____ GIVEN ENTRIES

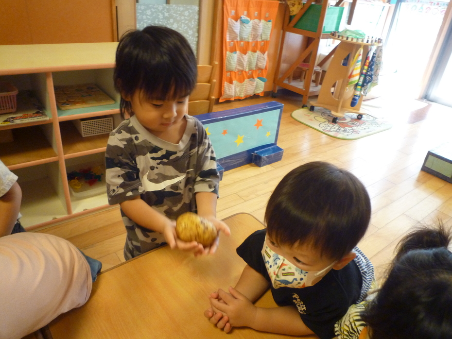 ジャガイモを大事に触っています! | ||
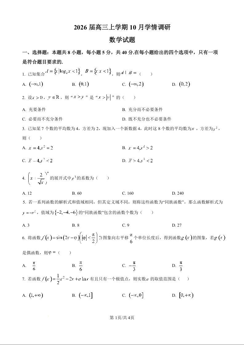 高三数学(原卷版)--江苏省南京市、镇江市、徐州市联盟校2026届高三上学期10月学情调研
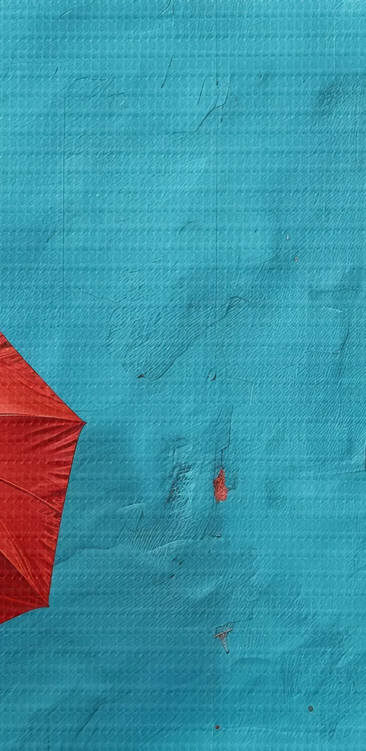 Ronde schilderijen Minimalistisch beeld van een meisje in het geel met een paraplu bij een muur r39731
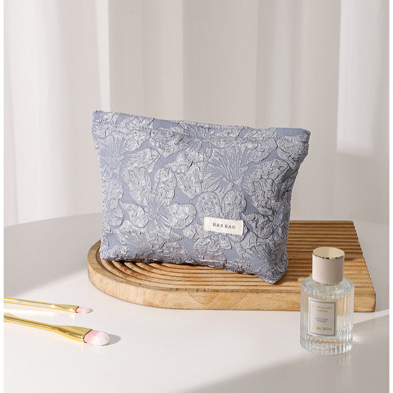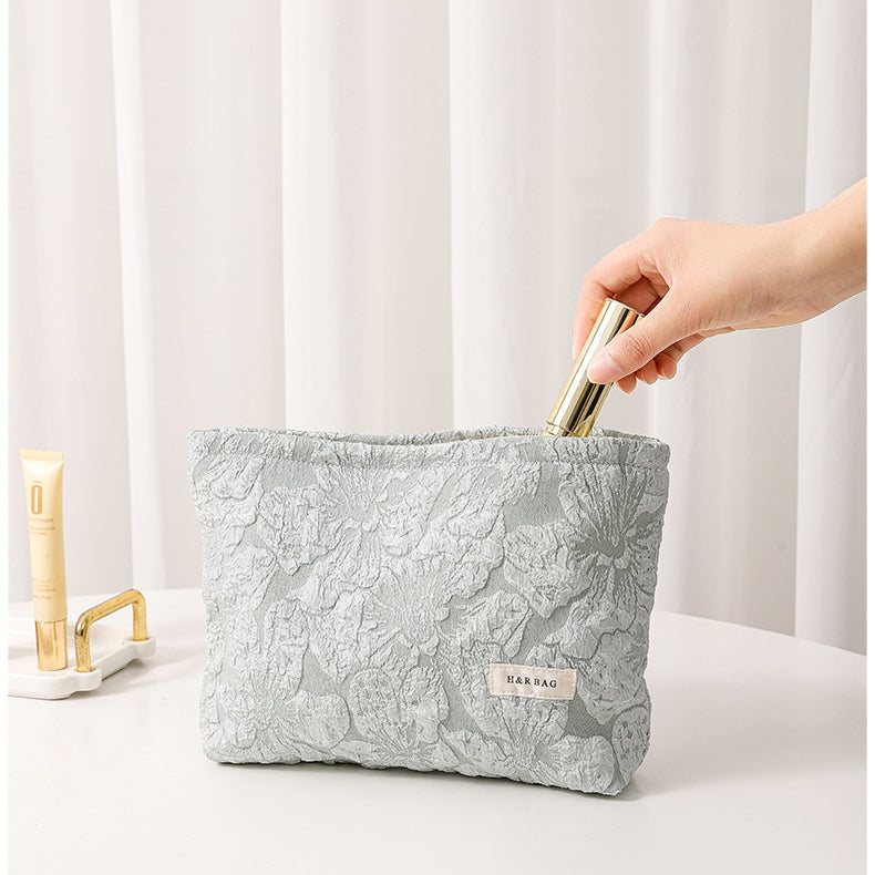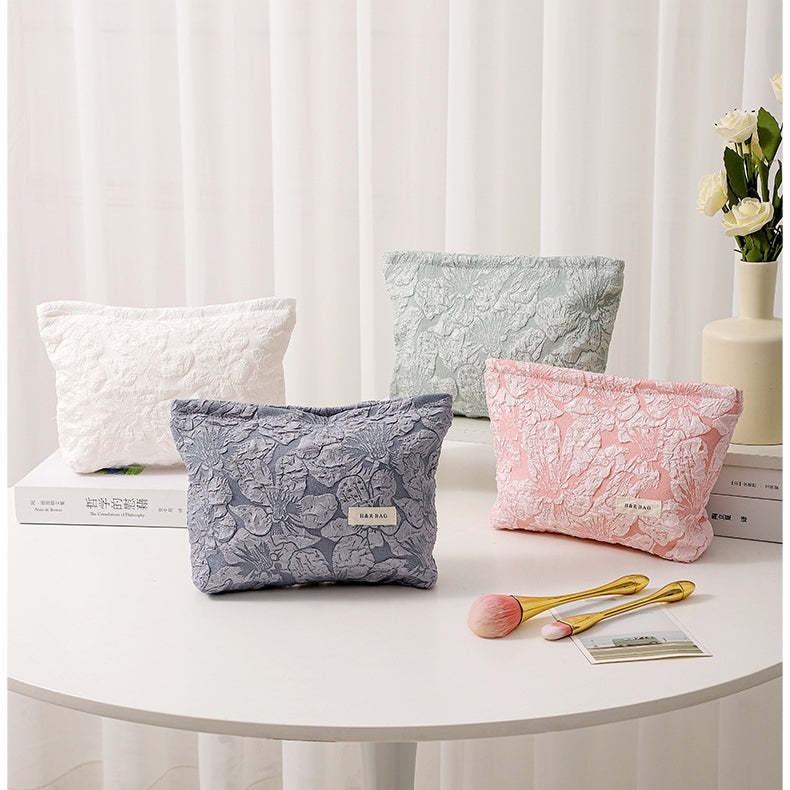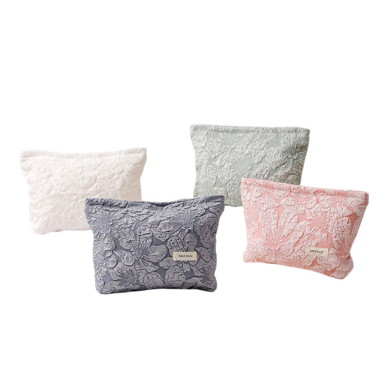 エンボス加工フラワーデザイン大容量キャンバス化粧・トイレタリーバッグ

________
____ GIVEN ENTRIES

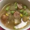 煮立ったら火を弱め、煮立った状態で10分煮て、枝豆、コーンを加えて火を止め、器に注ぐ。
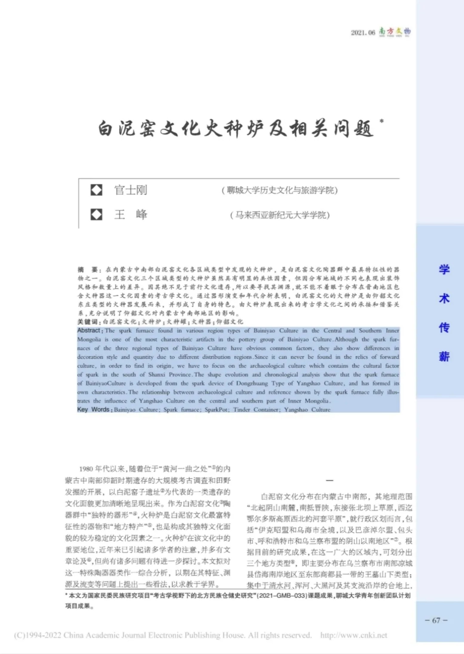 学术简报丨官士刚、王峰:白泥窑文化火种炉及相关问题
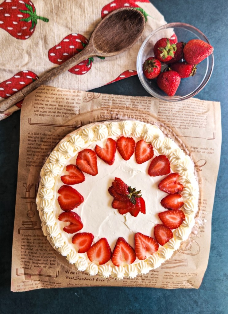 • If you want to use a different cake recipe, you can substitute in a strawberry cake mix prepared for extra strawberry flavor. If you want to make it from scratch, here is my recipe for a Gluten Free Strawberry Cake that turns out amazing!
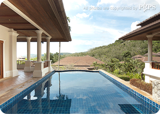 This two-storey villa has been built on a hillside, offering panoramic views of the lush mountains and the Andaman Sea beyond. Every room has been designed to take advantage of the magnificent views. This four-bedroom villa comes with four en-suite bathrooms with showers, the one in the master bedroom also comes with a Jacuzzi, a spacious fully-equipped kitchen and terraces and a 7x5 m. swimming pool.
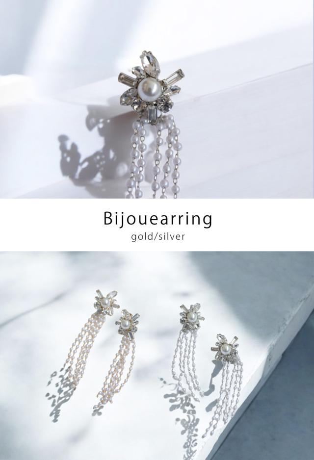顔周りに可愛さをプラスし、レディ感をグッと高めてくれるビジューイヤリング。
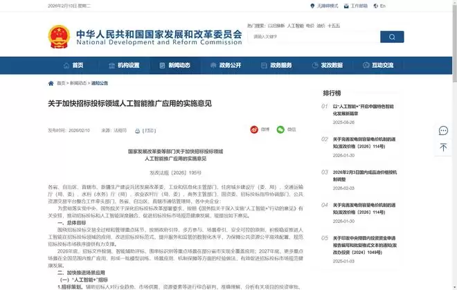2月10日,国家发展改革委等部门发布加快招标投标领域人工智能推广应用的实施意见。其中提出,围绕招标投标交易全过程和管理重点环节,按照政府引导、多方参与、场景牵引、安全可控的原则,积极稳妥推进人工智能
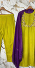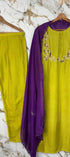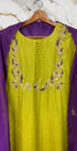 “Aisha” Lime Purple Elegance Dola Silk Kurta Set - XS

________
____ GIVEN ENTRIES

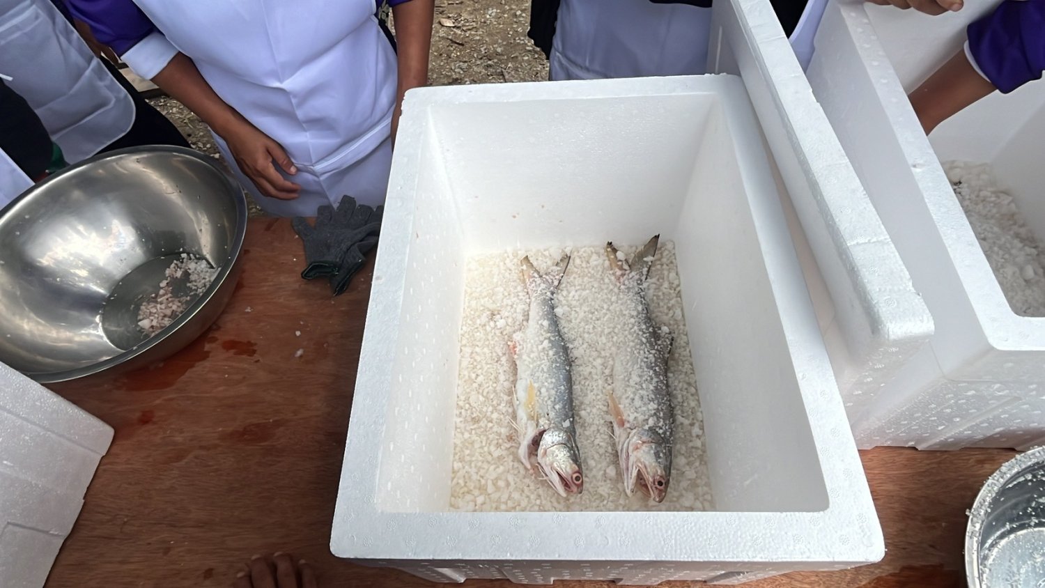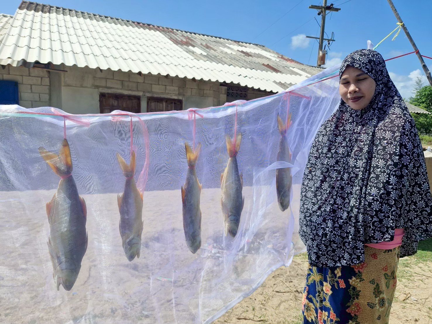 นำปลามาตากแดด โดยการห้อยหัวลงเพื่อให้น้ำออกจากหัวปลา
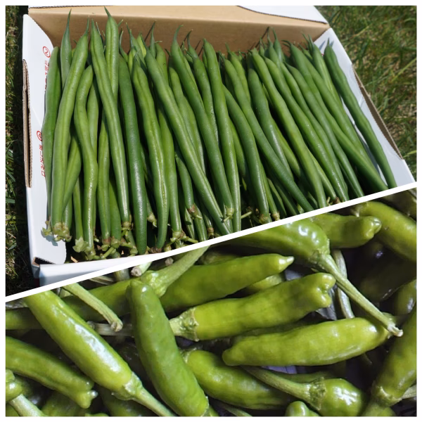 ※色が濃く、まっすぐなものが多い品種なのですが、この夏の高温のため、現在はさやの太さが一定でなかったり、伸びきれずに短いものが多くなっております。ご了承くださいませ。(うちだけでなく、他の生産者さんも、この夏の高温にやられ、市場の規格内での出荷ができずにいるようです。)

________

== REQUIREMENT ==
Take only the lines above from the one that has "ジャガイモを大事に触っています! | ||" through the one that has "エンボス加工フラワーデザイン大容量キャンバス化粧・トイレタリーバッグ" and reproduce them exactly, omitting any pictures.

== ANSWER TO THIS EXERCISE ==
 ジャガイモを大事に触っています! | ||
 高三数学(原卷版)--江苏省南京市、镇江市、徐州市联盟校2026届高三上学期10月学情调研
 Ronde schilderijen Minimalistisch beeld van een meisje in het geel met een paraplu bij een muur r39731
 エンボス加工フラワーデザイン大容量キャンバス化粧・トイレタリーバッグ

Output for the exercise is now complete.